▸ **THE TASK**: In the entries below, find the line with "挖宝在外层,每10次一挖,挖" and the line with "Get a functional". Return those two lines and all lines between them, exactly.

▸ **GIVEN RECORDS**:
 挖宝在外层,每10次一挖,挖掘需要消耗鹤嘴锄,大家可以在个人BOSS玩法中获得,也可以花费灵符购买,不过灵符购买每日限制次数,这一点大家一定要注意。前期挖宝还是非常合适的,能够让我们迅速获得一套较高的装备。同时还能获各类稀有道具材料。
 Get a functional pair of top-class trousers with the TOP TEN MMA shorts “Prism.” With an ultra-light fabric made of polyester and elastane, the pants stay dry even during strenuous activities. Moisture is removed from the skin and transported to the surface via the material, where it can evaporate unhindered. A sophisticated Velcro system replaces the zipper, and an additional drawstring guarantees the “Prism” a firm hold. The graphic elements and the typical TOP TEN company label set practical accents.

* * *

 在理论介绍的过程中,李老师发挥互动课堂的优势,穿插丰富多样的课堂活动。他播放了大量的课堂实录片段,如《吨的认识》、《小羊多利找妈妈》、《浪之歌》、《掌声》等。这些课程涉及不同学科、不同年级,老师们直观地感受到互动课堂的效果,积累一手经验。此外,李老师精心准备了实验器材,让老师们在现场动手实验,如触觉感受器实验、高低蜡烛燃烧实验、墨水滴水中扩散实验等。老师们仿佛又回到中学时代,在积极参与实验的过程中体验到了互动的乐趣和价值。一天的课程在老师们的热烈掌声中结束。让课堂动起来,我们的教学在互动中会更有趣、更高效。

▸ **TASK SOLUTION**:
 挖宝在外层,每10次一挖,挖掘需要消耗鹤嘴锄,大家可以在个人BOSS玩法中获得,也可以花费灵符购买,不过灵符购买每日限制次数,这一点大家一定要注意。前期挖宝还是非常合适的,能够让我们迅速获得一套较高的装备。同时还能获各类稀有道具材料。
 Get a functional pair of top-class trousers with the TOP TEN MMA shorts “Prism.” With an ultra-light fabric made of polyester and elastane, the pants stay dry even during strenuous activities. Moisture is removed from the skin and transported to the surface via the material, where it can evaporate unhindered. A sophisticated Velcro system replaces the zipper, and an additional drawstring guarantees the “Prism” a firm hold. The graphic elements and the typical TOP TEN company label set practical accents.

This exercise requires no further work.